* WHAT IS NEEDED
For this listing, reproduce the line with "niềm vui (fun).", the line with "Attributed to Thomas", and the lines between, exactly as they stand. Leave out pictures and all other lines.

* SUPPLIED DATA
----

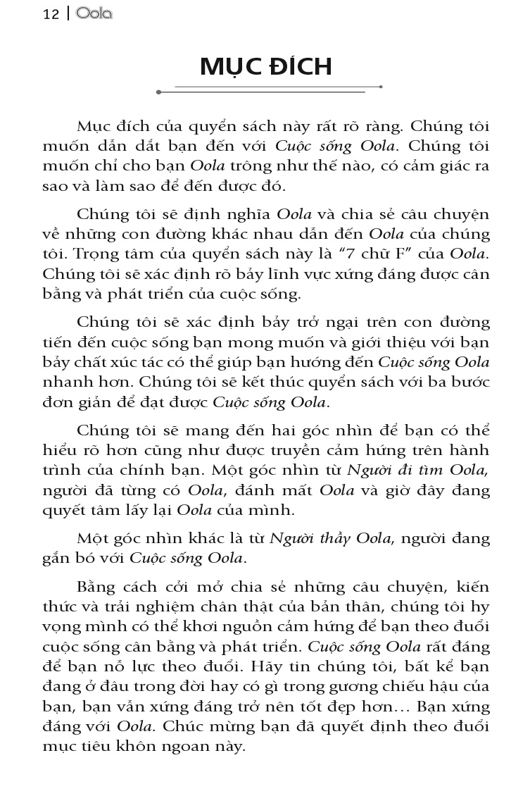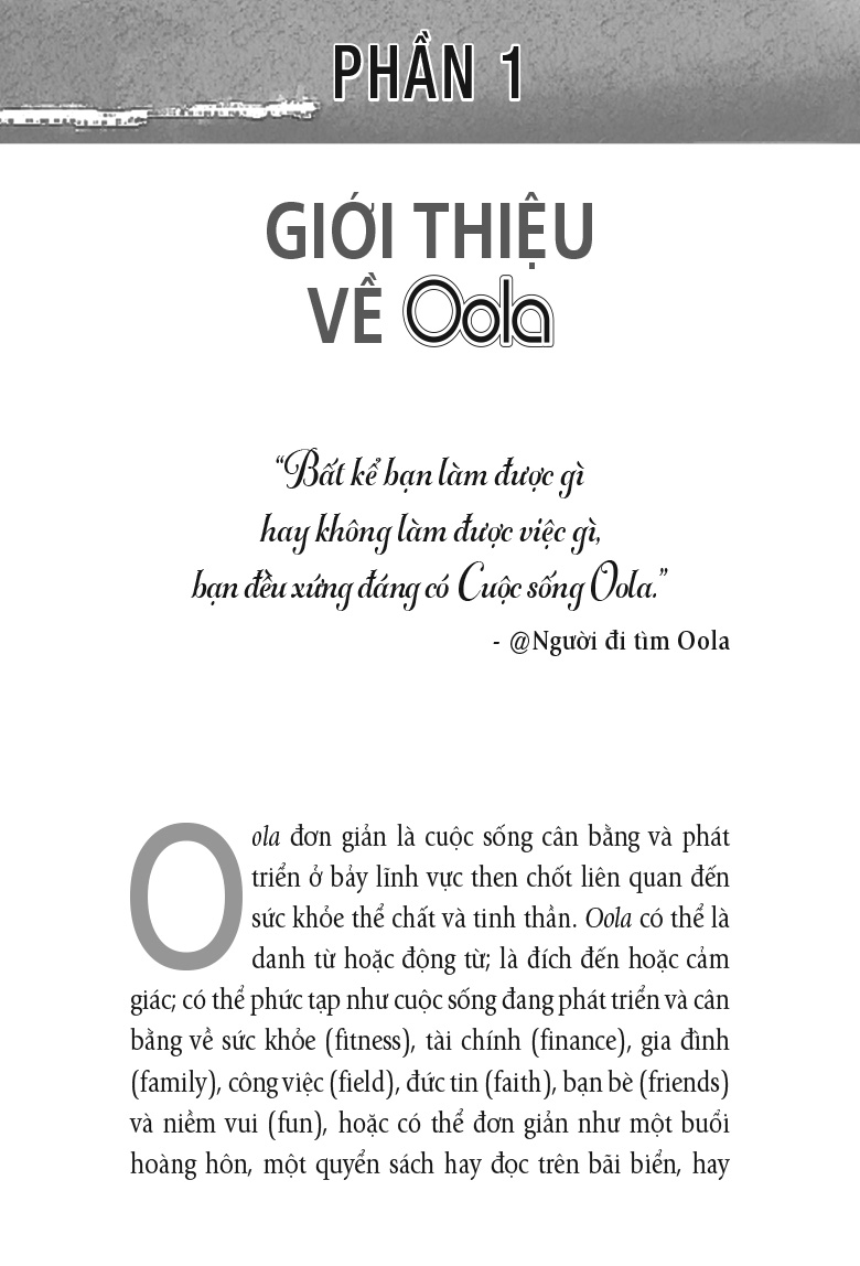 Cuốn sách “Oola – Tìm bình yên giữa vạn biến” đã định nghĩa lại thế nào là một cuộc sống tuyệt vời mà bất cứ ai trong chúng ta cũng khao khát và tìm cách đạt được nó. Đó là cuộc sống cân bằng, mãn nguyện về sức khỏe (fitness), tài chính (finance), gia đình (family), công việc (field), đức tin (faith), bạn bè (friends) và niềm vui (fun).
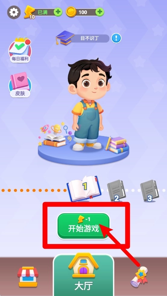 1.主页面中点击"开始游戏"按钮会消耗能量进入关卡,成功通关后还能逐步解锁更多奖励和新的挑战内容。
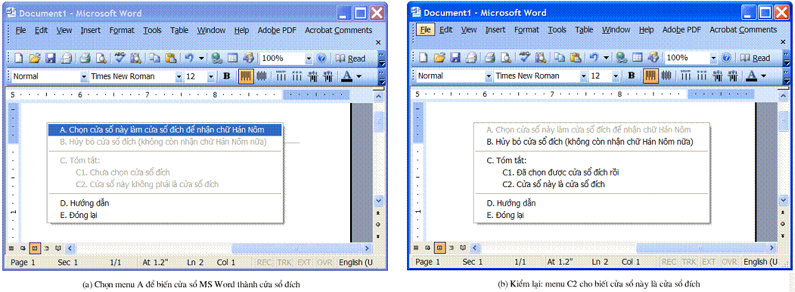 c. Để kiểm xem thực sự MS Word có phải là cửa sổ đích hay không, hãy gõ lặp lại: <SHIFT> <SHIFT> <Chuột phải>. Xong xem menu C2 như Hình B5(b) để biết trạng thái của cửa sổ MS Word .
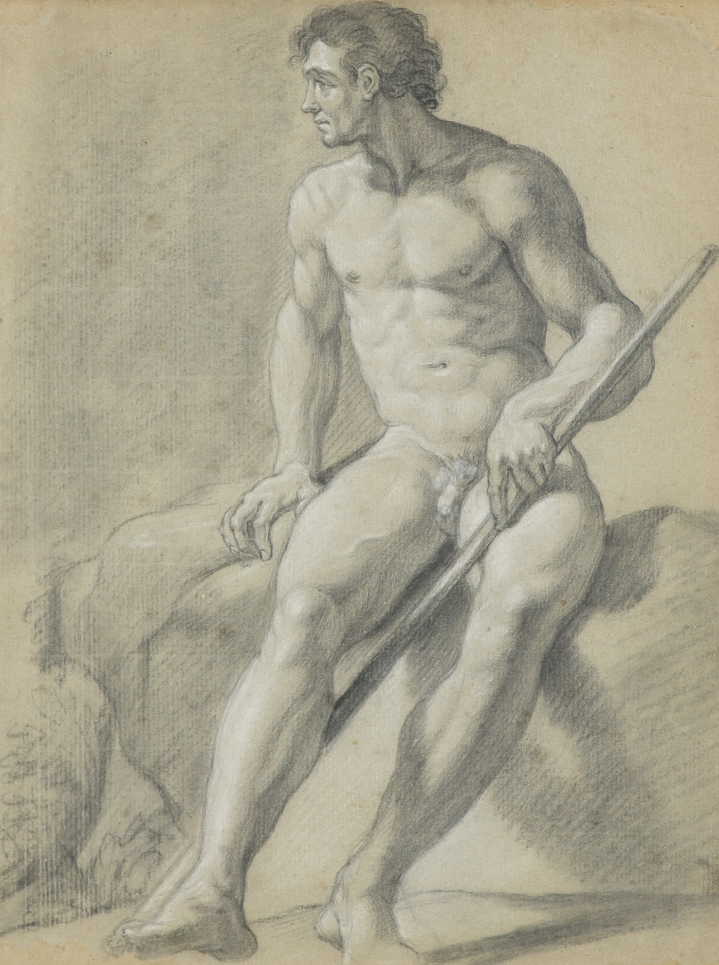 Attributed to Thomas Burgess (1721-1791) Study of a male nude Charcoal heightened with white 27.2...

----

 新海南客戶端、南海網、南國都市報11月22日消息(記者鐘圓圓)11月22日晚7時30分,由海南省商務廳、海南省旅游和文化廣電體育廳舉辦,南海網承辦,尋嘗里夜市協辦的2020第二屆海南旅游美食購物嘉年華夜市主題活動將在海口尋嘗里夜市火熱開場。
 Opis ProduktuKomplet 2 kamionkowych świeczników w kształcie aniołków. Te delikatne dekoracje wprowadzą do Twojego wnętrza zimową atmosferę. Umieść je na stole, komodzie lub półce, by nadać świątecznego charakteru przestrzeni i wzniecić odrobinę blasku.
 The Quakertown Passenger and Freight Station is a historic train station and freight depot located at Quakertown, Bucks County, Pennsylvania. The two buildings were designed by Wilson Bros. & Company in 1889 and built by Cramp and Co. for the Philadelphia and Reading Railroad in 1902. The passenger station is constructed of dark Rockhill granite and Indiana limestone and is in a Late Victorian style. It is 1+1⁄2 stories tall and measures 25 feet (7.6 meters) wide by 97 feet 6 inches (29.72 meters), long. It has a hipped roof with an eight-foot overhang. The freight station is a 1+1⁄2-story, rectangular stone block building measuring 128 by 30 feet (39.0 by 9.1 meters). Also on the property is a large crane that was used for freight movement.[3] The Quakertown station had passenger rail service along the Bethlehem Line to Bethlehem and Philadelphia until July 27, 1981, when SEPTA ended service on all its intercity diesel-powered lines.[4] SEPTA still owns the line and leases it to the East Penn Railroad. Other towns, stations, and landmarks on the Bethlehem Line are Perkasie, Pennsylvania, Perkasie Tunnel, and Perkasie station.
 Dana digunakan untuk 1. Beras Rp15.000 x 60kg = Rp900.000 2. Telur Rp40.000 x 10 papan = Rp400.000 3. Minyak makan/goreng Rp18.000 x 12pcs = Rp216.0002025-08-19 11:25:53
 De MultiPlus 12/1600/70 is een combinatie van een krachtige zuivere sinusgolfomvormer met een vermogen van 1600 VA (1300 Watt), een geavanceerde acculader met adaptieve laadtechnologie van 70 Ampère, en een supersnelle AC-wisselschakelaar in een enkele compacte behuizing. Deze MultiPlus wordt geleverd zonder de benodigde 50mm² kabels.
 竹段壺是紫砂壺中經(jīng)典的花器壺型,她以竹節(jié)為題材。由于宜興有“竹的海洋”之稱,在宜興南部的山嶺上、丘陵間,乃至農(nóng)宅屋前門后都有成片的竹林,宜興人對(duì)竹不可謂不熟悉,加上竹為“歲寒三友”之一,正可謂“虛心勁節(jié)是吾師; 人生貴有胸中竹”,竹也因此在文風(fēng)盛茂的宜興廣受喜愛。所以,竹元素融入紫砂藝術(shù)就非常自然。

----

* TASK RESPONSE
 Cuốn sách “Oola – Tìm bình yên giữa vạn biến” đã định nghĩa lại thế nào là một cuộc sống tuyệt vời mà bất cứ ai trong chúng ta cũng khao khát và tìm cách đạt được nó. Đó là cuộc sống cân bằng, mãn nguyện về sức khỏe (fitness), tài chính (finance), gia đình (family), công việc (field), đức tin (faith), bạn bè (friends) và niềm vui (fun).
 1.主页面中点击"开始游戏"按钮会消耗能量进入关卡,成功通关后还能逐步解锁更多奖励和新的挑战内容。
 c. Để kiểm xem thực sự MS Word có phải là cửa sổ đích hay không, hãy gõ lặp lại: <SHIFT> <SHIFT> <Chuột phải>. Xong xem menu C2 như Hình B5(b) để biết trạng thái của cửa sổ MS Word .
 Attributed to Thomas Burgess (1721-1791) Study of a male nude Charcoal heightened with white 27.2...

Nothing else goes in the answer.